• _Task description_
Which lines run from the start of the material below through the line containing "はじめに、「コロナ禍で新型コ"? Retype them exactly, pictures excluded.

• _Input_
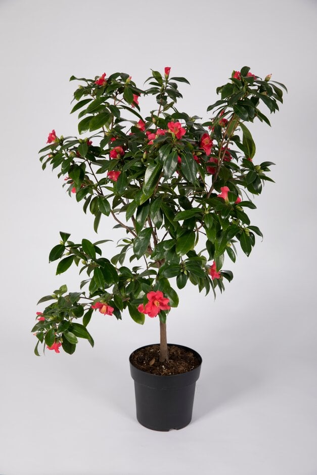 A dense, compact evergreen shrub with dark green, glossy leaves. Tight rose-like buds open to masses of single, bright red flowers which appear in summer and autumn. Can be placed in some sun but prefers a shady position
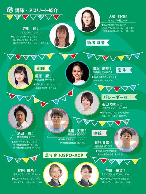 本イベントには、東京2020オリンピックなどで活躍されたアスリートを始め、多くの著名アスリートの方々に講師として参加いただき、様々なスポーツ体験教室を実施いたします。
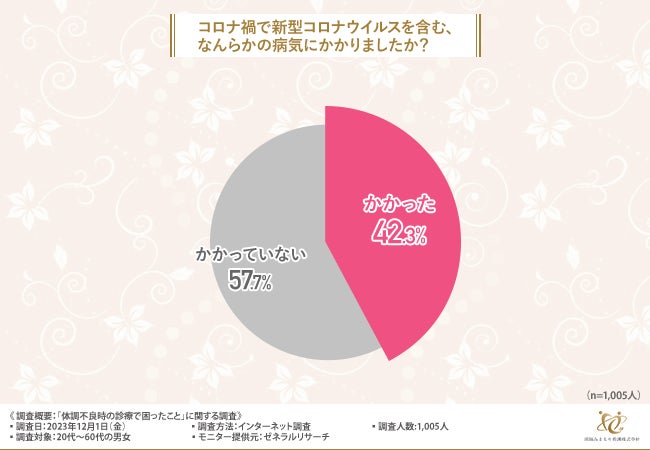はじめに、「コロナ禍で新型コロナウイルスを含む、なんらかの病気にかかりましたか?」と質問したところ、約4割の方が『かかった(42.3%)』と回答しました。
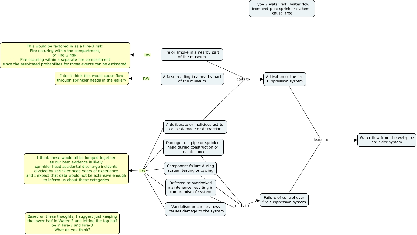 This Concept Map, created with IHMC CmapTools, has information related to: Cooney CPRAM 2 Water-2 RW notes 2020-06-25, Damage to a pipe or sprinkler head during construction or maintenance leads to Failure of control over fire suppression system, Vandalism or carelessness causes damage to the system leads to Failure of control over fire suppression system, A deliberate or malicious act to cause damage or distraction leads to Activation of the fire suppression system, A deliberate or malicious act to cause damage or distraction RW I think these would all be lumped together as our best evidence is likely sprinkler head accidental discharge incidents divided by sprinkler head years of experience and I expect that data would not be extensive enough to inform us about these categories, Failure of control over fire suppression system leads to Water flow from the wet-pipe sprinkler system, Component failure during system testing or cycling leads to Failure of control over fire suppression system, A false reading in a nearby part of the museum leads to Activation of the fire suppression system, Fire or smoke in a nearby part of the museum leads to Activation of the fire suppression system, Activation of the fire suppression system leads to Water flow from the wet-pipe sprinkler system, Fire or smoke in a nearby part of the museum RW This would be factored in as a Fire-3 risk: Fire occuring within the compartment, or Fire-2 risk: Fire occuring within a separate fire compartment since the assoicated probabilites for those events can be estimated, Deferred or overlooked maintenance resulting in compromise of system leads to Failure of control over fire suppression system, Component failure during system testing or cycling RW I think these would all be lumped together as our best evidence is likely sprinkler head accidental discharge incidents divided by sprinkler head years of experience and I expect that data would not be extensive enough to inform us about these categories, Damage to a pipe or sprinkler head during construction or maintenance RW I think these would all be lumped together as our best evidence is likely sprinkler head accidental discharge incidents divided by sprinkler head years of experience and I expect that data would not be extensive enough to inform us about these categories, A false reading in a nearby part of the museum RW I don't think this would cause flow through sprinkler heads in the gallery, Deferred or overlooked maintenance resulting in compromise of system RW I think these would all be lumped together as our best evidence is likely sprinkler head accidental discharge incidents divided by sprinkler head years of experience and I expect that data would not be extensive enough to inform us about these categories, Vandalism or carelessness causes damage to the system RW I think these would all be lumped together as our best evidence is likely sprinkler head accidental discharge incidents divided by sprinkler head years of experience and I expect that data would not be extensive enough to inform us about these categories
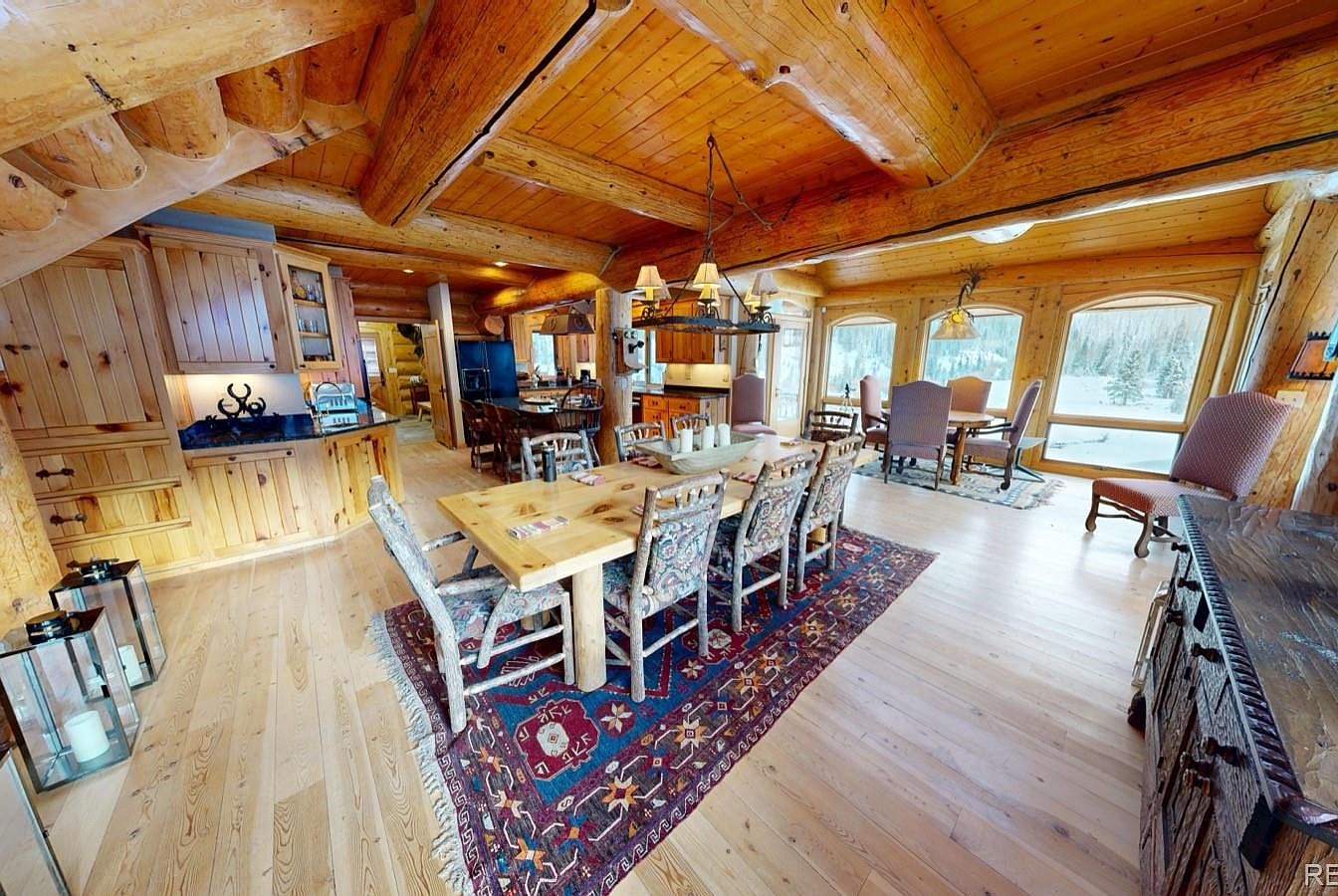 This open-concept space features a warm, rustic design highlighted by extensive natural wood elements, including log beams and a wooden plank ceiling. The dining area centers around a large, natural wood table with eight intricately patterned chairs set on a vibrant, traditional red and blue rug. Adjacent to this is a cozy secondary dining nook by large windows offering sweeping views of the surrounding forest, providing ample natural light. The kitchen cabinetry matches the wood tones, complemented by dark countertops for contrast. A wrought-iron chandelier with lampshades adds vintage charm and soft lighting overhead, emphasizing the cabin’s inviting and earthy aesthetic.

• _Solved exercise_
 A dense, compact evergreen shrub with dark green, glossy leaves. Tight rose-like buds open to masses of single, bright red flowers which appear in summer and autumn. Can be placed in some sun but prefers a shady position
 本イベントには、東京2020オリンピックなどで活躍されたアスリートを始め、多くの著名アスリートの方々に講師として参加いただき、様々なスポーツ体験教室を実施いたします。
はじめに、「コロナ禍で新型コロナウイルスを含む、なんらかの病気にかかりましたか?」と質問したところ、約4割の方が『かかった(42.3%)』と回答しました。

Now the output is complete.